Creem Magazine, February 1976: 

Patti’s heroes may be gone, but she is both with us and for us, so strongly that her music is something, finally, to rally around. For one thing, she has certain qualities that can make her a hero to a whole generation of young girls; Patti has done more here for woman as aggressor than all the Liberation tracts published, and has pushed to the front of the media eye that it is just as much a process (ordeal) learning to “become” a “woman” as it is for men wrestling with all this ballyhoed “manhood” business. It’s this tough chick who walks like Bo Diddley and yet all is all woman like we’ve been waiting for so long, a badass who pulls off the feat of being simultaneously idol of women and lust object of men (and women, no doubt).

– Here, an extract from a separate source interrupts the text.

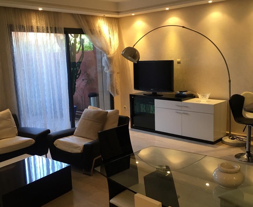 Sympathique appartement situé au rez-de-chaussée d’une belle résidence dans le quartier de l’hivernage à Marrakech . Appartement de standing joliment meublé , matériaux de qualité , Petite cuisine américaine , une belle chambre avec salle de bain et dressing , et une petite Terrsse sympathique .

And even more than that, Patti’s music in its ultimate moments touches deep wellsprings of emotions that extremely few artists in rock or anywhere else are capable of reaching. With her wealth of promise and the most incandescent flights of and stillnesses of this album she joins the ranks of people like Miles Davis, Charlie Mingus, or the Dylan of “Sad Eyed Lady” and Royal Albert Hall. It’s that deeply felt, and that moving: a new Romanticism built upon the universal language of rock ‘n’ roll, an affirmation of life so total that, even in the graphic recognition of death, it sweeps your breath away. And only born gamblers take that chance.